A satisfying midday meal must be filling and tide one over until dinner. It should also be somewhat energizing, but it's more important that the meal fill one's belly and lessen the temptation to snack. For this reason, high-fiber fruits and veggies are the perfect choice for creating lunch smoothies. Even when they're virtually liquefied, high-fiber foods create a feeling of fullness that makes eating between meals challenging. You'll also want plenty of variety at midday – foods that are rich in protein and heart-healthy fats as well as soluble and insoluble fiber. The fruits, vegetables and nuts you'll want in a midday smoothie should also be somewhat energizing, without being too stimulating; which is why one should avoid citrus fruits in the evening. The whole foods that meet at least two of these criterion are:

  • Cauliflower
  • Carrots
  • Celery
  • Zucchini
  • Red Cabbage
  • Pumpkins
  • Bananas
  • Apples
  • Pears
  • Prunes
  • Mangoes
  • Strawberries
  • Butternut Squash
  • Blackberries
  • Almonds
  • Pistachios
  • Walnuts
  • Pecans


Smoothies are a great dinner option after a long and busy day. Not just because it makes dinner prep quick and easy, but also because it allows one to get in plenty of leafy greens and other raw veggies without feeling stuffed afterwards. This is important, because dinner should always be the lightest meal, especially if you have difficulty falling asleep and staying asleep. A relatively light, easy to digest, meal allows one to go to bed on a somewhat empty stomach. And, provided one does not have an ulcer, going to bed on an empty stomach allows for a more restful night's sleep. Sleep should factor into what one decides to eat for dinner, as the ability to fall asleep and remain asleep will be affected by what and how much one eats. For this reason, whether one's dinner is blended or solid, they should always keep magnesium content in mind. The best whole foods for dinner smoothies are rich in magnesium.
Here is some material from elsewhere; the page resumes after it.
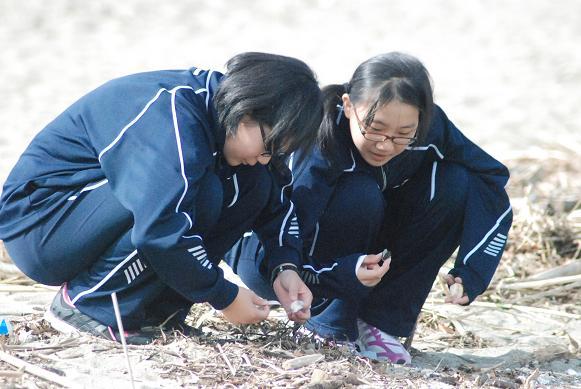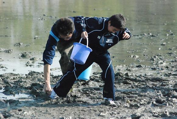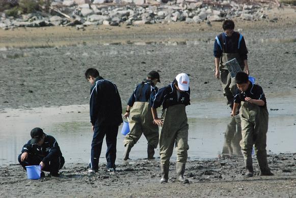 10月28日(月)、1年生理科のフィールドワーク『松名瀬海岸を調査しよう!』が松阪市にある全国有数の干潟である松名瀬海岸で行われました。今年で5回目を数えるこのプログラムは、三重大学の先生、三重県水産研究所の研究者、地元漁業組合の方をお招きし、三重中学校の理科教員と一緒に行うもので、次の4講座をクラスごとにローテーションで受講しました。

Magnesium is required by every tissue in the human body, but is most concentrated in the bones, muscles and brain. Magnesium is considered the “relaxation mineral”, because it relieves cramps, stiffness and soothes the nerves, making it conducive to a good night's rest. One can always be certain to get a better quality sleep after consuming a light, magnesium-rich dinner. At the top of my list of great tasting, blendable, magnesium-rich foods are dark leafy greens; but many non-green, non-leafy foods are also rich in magnesium, and most are suitable for blending. Following are some of my favorites:

  • Spinach
  • Swiss Chard
  • Kale
  • Watercress
  • Rhubarb
  • Pumpkin Seeds
  • Bananas
  • Hazelnuts
  • Pecans
  • Walnuts

And don't just heed the lists above. Be adventurous! Have fun with it. Experiment. It's important for one to do their own research and discover which whole foods would make great additions to their shopping lists and smoothie meals – for breakfast, lunch and dinner. And for those who have never blended nuts into a smoothie before, one piece of advice: Blend the nuts first. Pulse them, then blend at high speed with a small amount of water, so that they form a paste. After that, add in fruits and vegetables. The smoothie will be thicker and creamier as a result. But don't get carried away with the nuts. They are good for your health, no doubt about it, but they are also high in fat. Also, to insure that you get enough calories when you replace a solid meal with a smoothie, aim for 32 to 48 ounces for breakfast, 48 to 64 ounces for lunch and 20 to 32 ounces for dinner; and don't replace more than two meals a day with a smoothie, unless you're fasting. Smoothie meals are a great way to give the digestive tract an occasional respite, but if done all day, every day, for a week or more can lead to embarrassing bowel issues. Diarrhea is not fun.